The appraisal came at around $650,000. The money, I don’t have it fully cashed out yet. I’m in the process of doing that. We have a loan for $450,000, which equates to about $3,400 in a monthly mortgage. We still have a little bit more to go. $100,000 might be out of there for my dad to pay back. We’re in the process of doing that. With the mortgages, it’s rented at $2,800 for the upper unit. At this point, we converted the third floor into a luxurious master suite. It has its own private bathroom, own bedroom, work desk area and living room. It’s a nice luxury lot that is part of the second floor. That’s $2,800. The first floor is $2,450.
You’re still cashflowing well over $1,000 a month, almost $2,000 a month.
That will come down a little bit once they get the remaining money out. With that property, we’re a little undervalued. It is a miracle what happened across the street diagonally to us. Awesome renovations. Nothing like we were expecting when we moved in. They end up making luxury lots across the street, which is renting for $3,200. Once we saw that, we’re like, “This is great.” We’re expecting a little increase there as well.
You put yourself in a position to be lucky and you got lucky. Good on you. This is the present day, right?

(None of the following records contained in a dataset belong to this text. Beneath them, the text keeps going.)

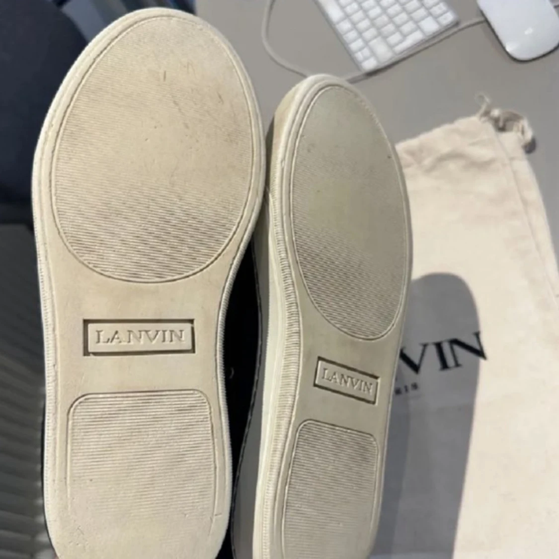 Svarta sneakers från Lanvin med vit platt sula och rund tå. Ovandelen är i mocka med detaljer i skinn på tån och snörning framtill. Klassisk och stilren modell som passar perfekt till jeans eller chinos. Kommer med original dustbag.
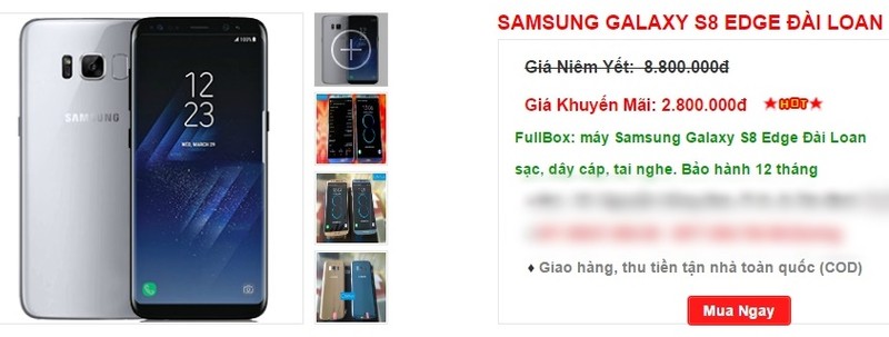 Ngoài ra, nhiều địa chỉ kinh doanh trên mạng còn sử dụng hình ảnh của chính những chiếc Samsung Galaxy S8 thật để quảng cáo.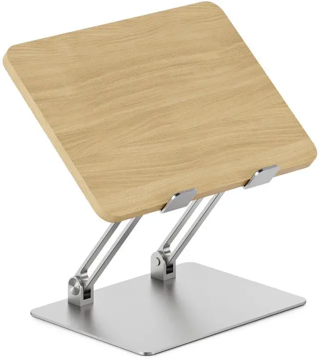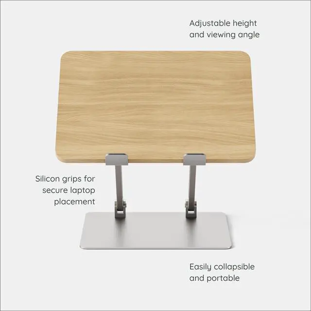 DESIGN: Built from anodized aluminum and an MDF top with secure silicon grips, this sturdy wood laptop stand keeps devices in place while resisting wobble and wear, ideal for daily use across a range of laptop sizes.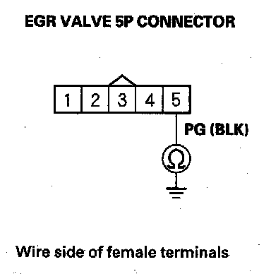 9. Check for continuity between EGR valve 5P connector terminal No. 5 and body ground.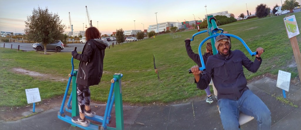 We met in Christchurch, the family coming from the US and me coming from Australia. We drove down the Eastern coast of the South Island in New Zealand and stopped at a park for a break. Everyone enjoyed some of the equipment in the park before we went down to Dunedin for the night.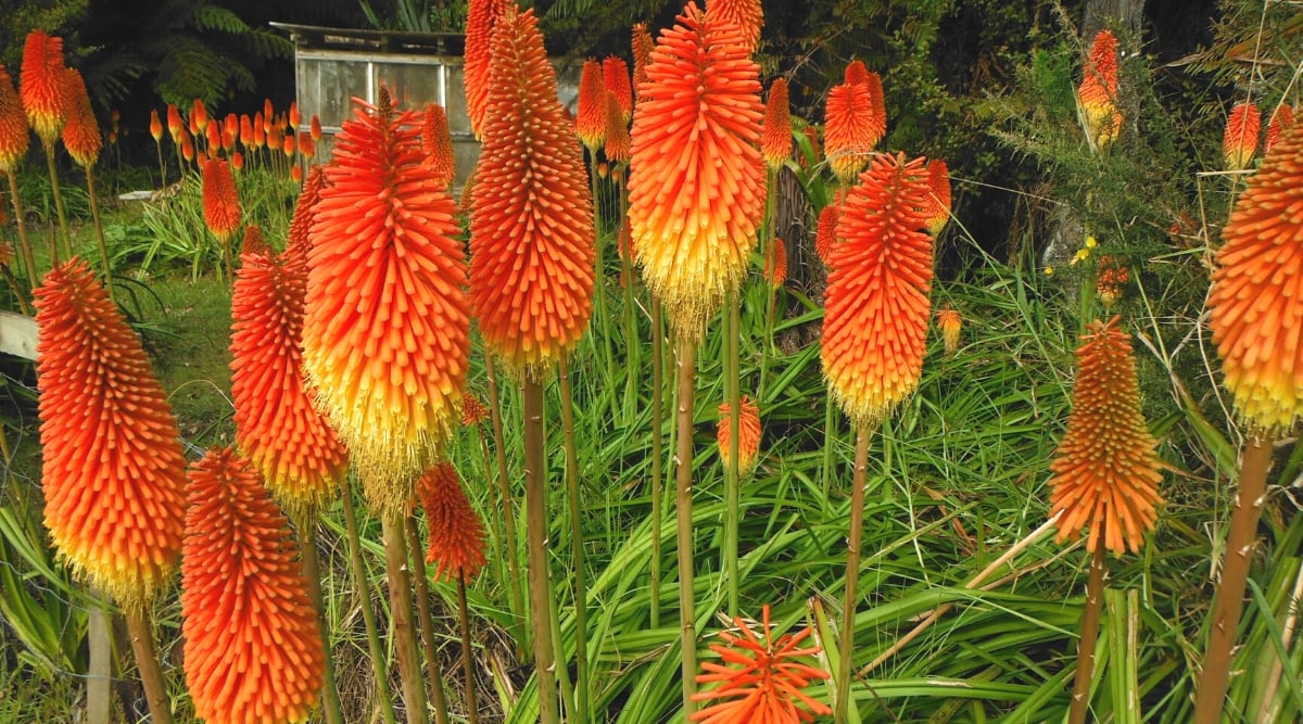 These striking flowers grow 1-4’ tall and 2-3’ wide, blooming stunning spike-shaped red and yellow blooms in midsummer. The plants enjoy moist soils but tolerate drought in rock gardens as well.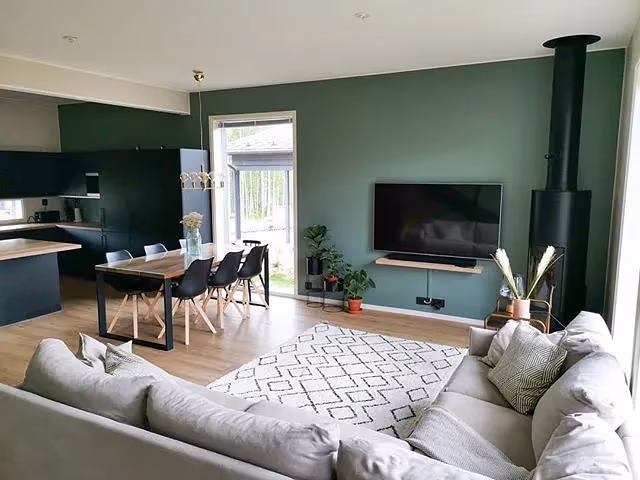 Check out this stunning Dark color used in real living rooms. Explore how this Green shade can create a unique space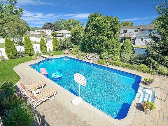 DIAMOND EXPANDED HIGH RANCH LOCATED IN BAY SHORE WITH ISLIP SCHOOLS . ATTENTION TO DETAIL THROUGHOUT HOME WHICH FEATURES GLEAMING HARDWOOD FLOORS, DIAMOND EXPANDED KITCHEN WITH VKING APPLIANCES, GE MONOGRAM BUILT IN REFRIGERATOR,ACCESS TO REAR TREX DECK PERFECT FOR ENTERTAINING !! RADIANT FLOOR HEATING, EXPANDED DINING ROOM/DEN AREA, CATHEDRAL CEILINGS IN LIVING ROOM WITH SKY LIGHTS AND WOOD BURNING FIREPLACE . MAHOGONAY RAILING AND CUSTOM HARDWOOD MOULDINGS AS WELL. LARGE EXPANDED MASTER BEDROOM WITH ACCESS TO BATH AND LARGE WALK IN CLOSET , 2 OTHER LARGE BEDROOMS ON 2ND FLOOR .LOWER LEVEL HAS 1 BEDROOM WITH OPTIONS FOR MORE, LARGE FAMILY ROOM, FULL BATH,LAUNDRY ROOM, STORAGE ROOM, GYM/BEDROOM AS WELL AS ACCESS TO REAR YARD ! OTHER FEAUTURES INCLUDE CENTRAL AIR, GAS HEATING, HEATED 20X40 INGROUND POOL , 6 ZONE SPRINKLER SYSTEM AND 2 CAR GARAGE!--SEE VIRTUAL TOUR!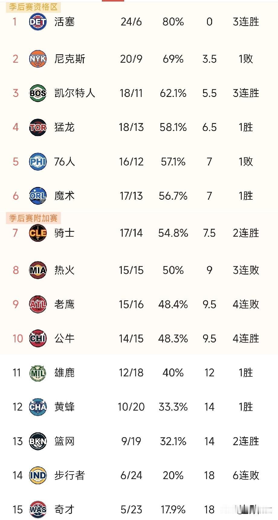 东部现在也是乱成一锅粥,最长的四连胜居然来自排名第十的公牛,雄鹿现在差2.5个胜场了。 排名第一的活塞一波三连胜又把差距拉开了,主要是今天第二的尼克斯输给了森林狼,热火和老鹰一波连败居然还是排名前十。 现在真的不想关注东部球队了,没有看头,关键是没啥流量。你们还有喜欢的球队或者球星在东部吗?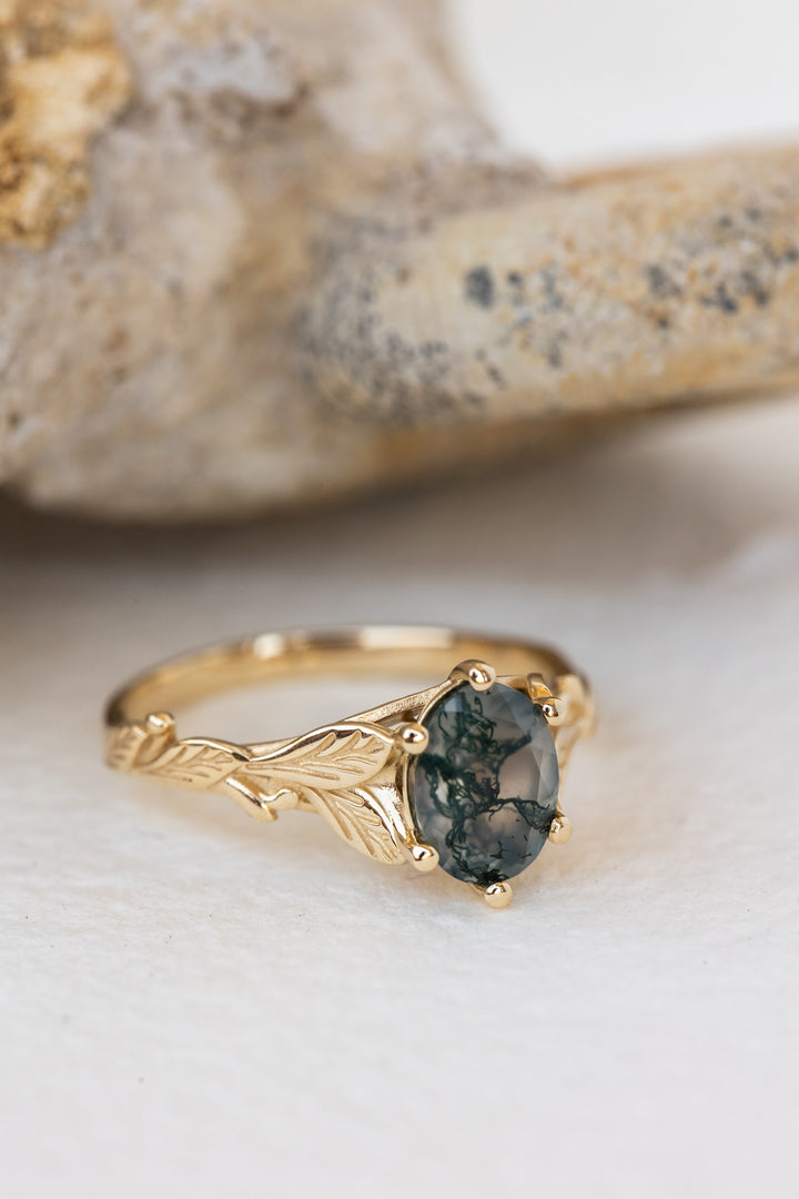 Natural moss agate gold leaf engagement ring, delicately sculpted proposal ring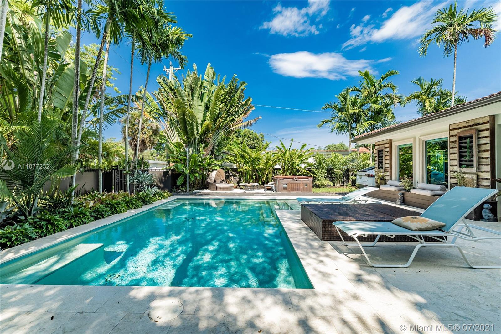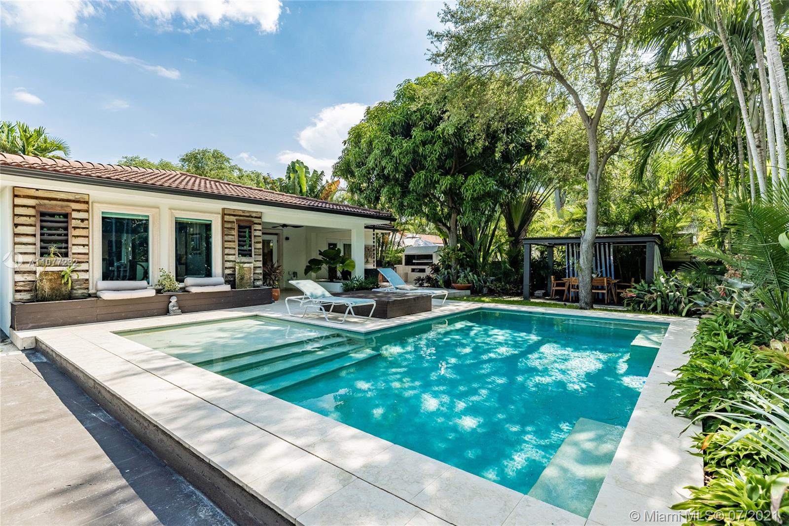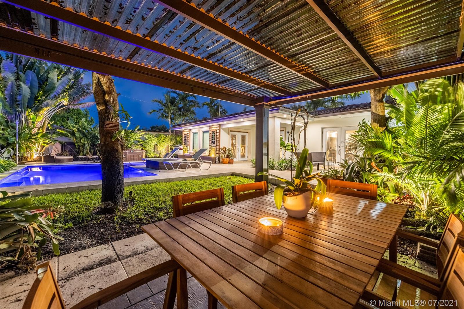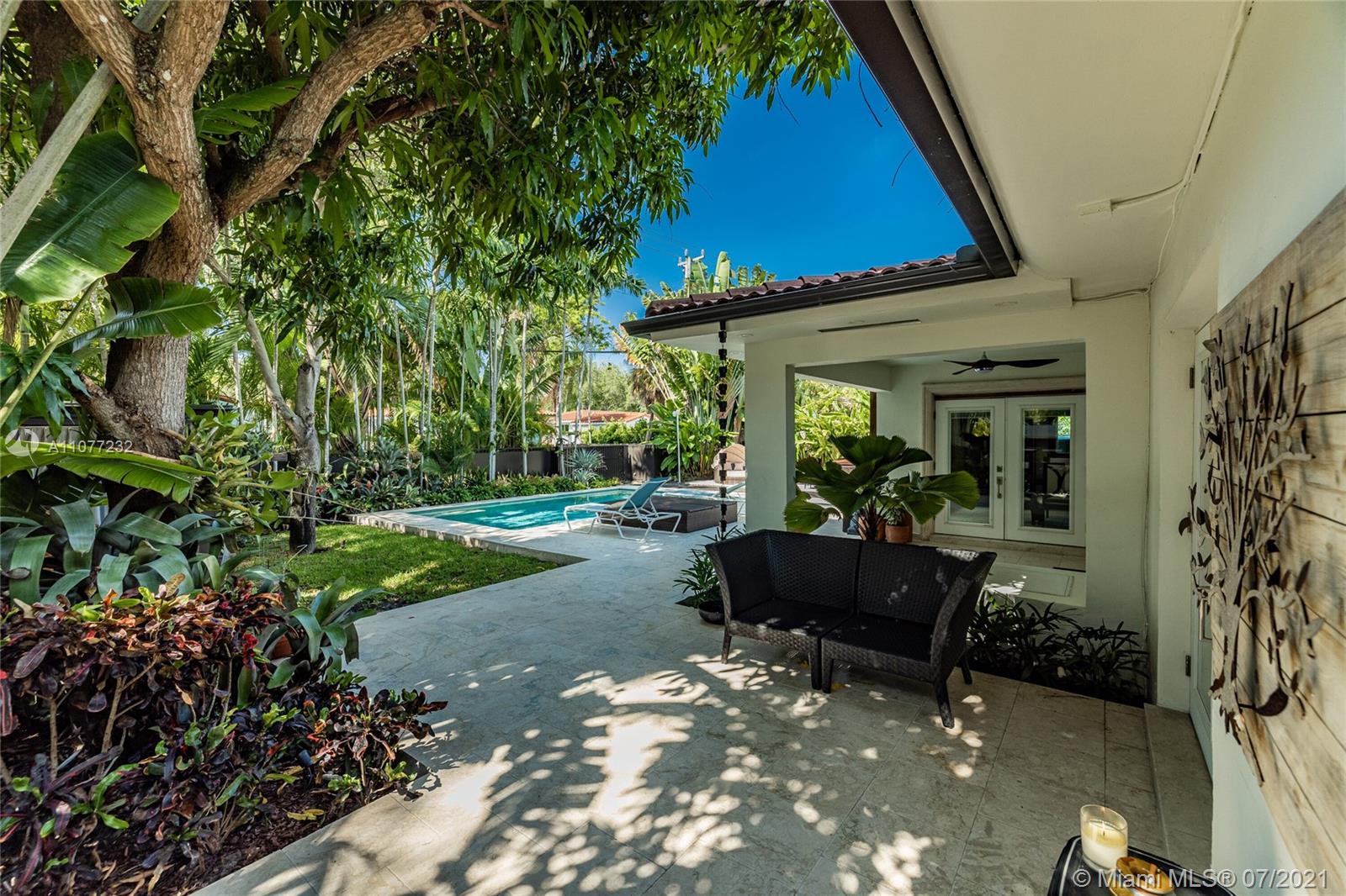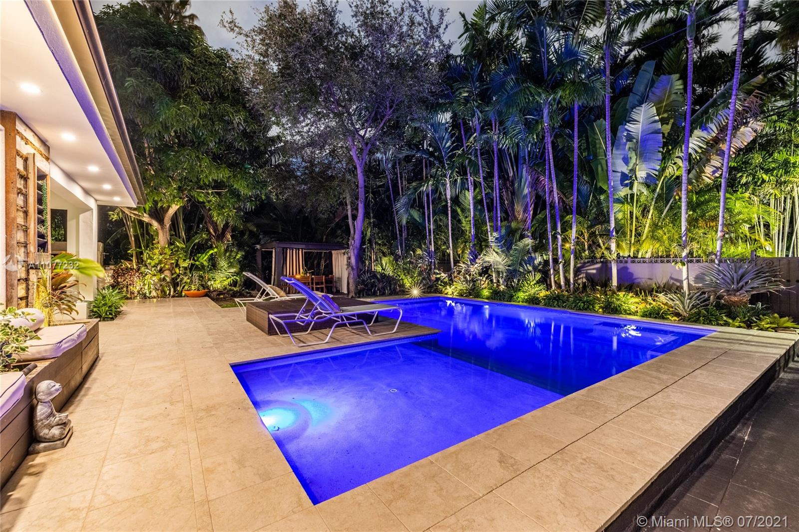 Welcome to Moondance! Awaken your inner zen in this updated spacious modern home—a tranquil retreat and entertainer’s delight, with amazing lush gardens, spectacular waterfall pool, hot tub, veranda, custom marble deck and grill. Inside, enjoy expansive triple-stacked open flow living and dining with huge media room. Home chefs will love the updated eat-in oversized kitchen. Four split bedrooms for extra privacy with triple en-suites, including one with its own fireplace and French doors opening to the pool deck—perfect for slipping out on a marvelous night for a moondance! Great features: modern baths, new AC, impact windows-doors, new gutters, electronic blinds, sprinkler system and outdoor lighting to illuminate the spectacular selection of orchids, bromeliads and other tropical plants.

Yes. We only stayed there for a year. We got the system down pretty quick. A year later, we moved into our third property, which is a single-family in Morris County, New Jersey. It’s our forever home. I do those in parentheses. We can’t stick around. We love hopping house to house. It’s been fun.
I imagine you had another kid at this house.
No. We had three in our first one and four in our second one.
Four out of four kids. That’s what’s up.
One for each kid, that’s the way to do it. That’s their college fund right there.
We do want to keep investing because we have two more kids we have to put through college if they so choose to.
Do you have six kids?
No. We have two more kids, two houses each. You’re looking at per unit.
I was going to say, this is the Brady Bunch. Otherwise, I’m going to start bringing in Alice and whatever else that’s on this. You got a cool story. It sounds interesting how you messed up on your first one, 2010 and 2015. You learned a whole lot though. You picked up three properties that are cashflowing you a lot. You’ve got your forever home, which I’m sure the properties helped you by. You briefly mentioned that you had your real estate license. You went from Keller Williams to eXp. How has your license helped with all this? Do you think people should get their license if they’re an investor?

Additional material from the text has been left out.